INTRODUCTION
System Programming is a technique for design and implementation of system program or a system software. It deals with the operation of the computer itself.
System Software : System software provides the basic functions for computer usage and helps run the computer hardware and system. It includes a combination of the following: device drivers, operating systems etc. System software is responsible for managing a variety of independent hardware components, so that they can work together harmoniously. Its purpose is to put less burden on the application software programmer.

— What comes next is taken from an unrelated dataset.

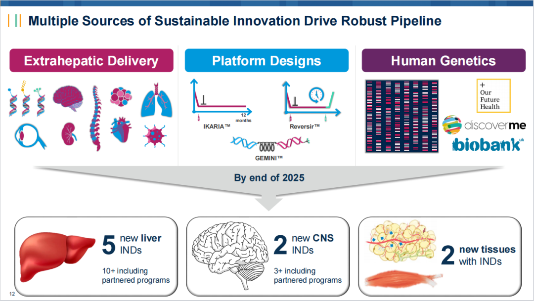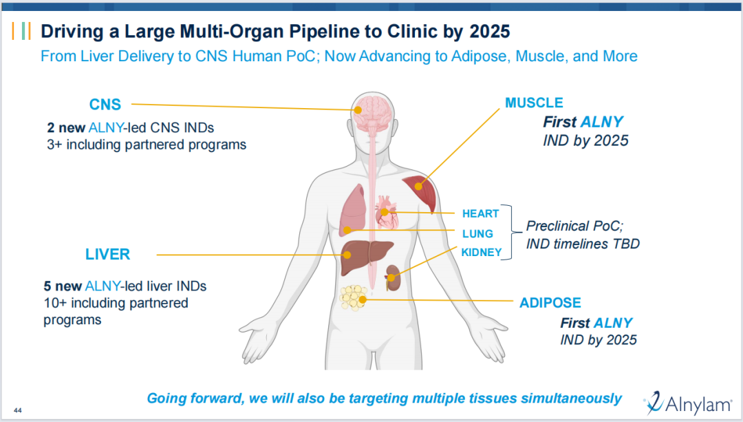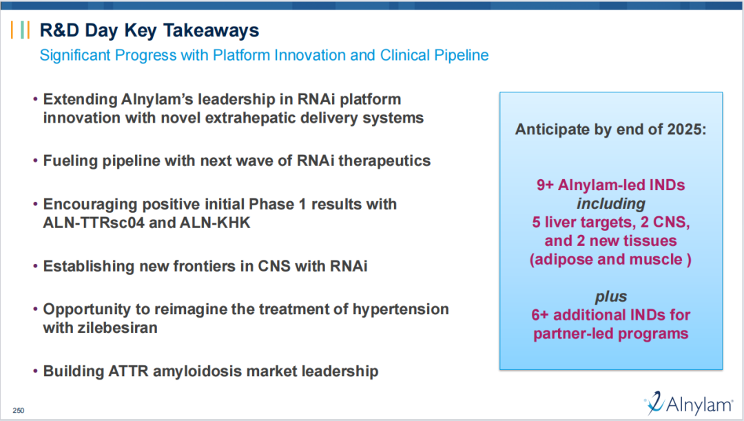 到2025年底,公司计划为至少9个由Alnylam主导的新RNAi项目提交研究性新药(IND)申请,其中5个用于肝脏靶向、2个用于中枢神经系统(CNS)靶向、1个用于脂肪组织靶向、1个用于肌肉靶向。

Different types of System software include :
1) Assembler
2) Loader
3) Linker
5) Operating System
6) Interpreter
7) Emulator
8) Simulator
DESIGN OF THE COMPILER
Lexical Analysis
The first phase of scanner works as a text scanner. This phase scans the source code as a stream of characters and converts it into meaningful lexemes. Lexical analyzer represents these lexemes in the form of tokens as:<token-name, attribute-value>
Syntax Analysis
The next phase is called the syntax analysis or parsing. It takes the token produced by lexical analysis as input and generates a parse tree (or syntax tree). In this phase, token arrangements are checked against the source code grammar, i.e. the parser checks if the expression made by the tokens is syntactically correct.
Semantic Analysis
Semantic analysis checks whether the parse tree constructed follows the rules of language. For example, assignment of values is between compatible data types, and adding string to an integer. Also, the semantic analyzer keeps track of identifiers, their types and expressions; whether identifiers are declared before use or not etc. The semantic analyzer produces an annotated syntax tree as an output.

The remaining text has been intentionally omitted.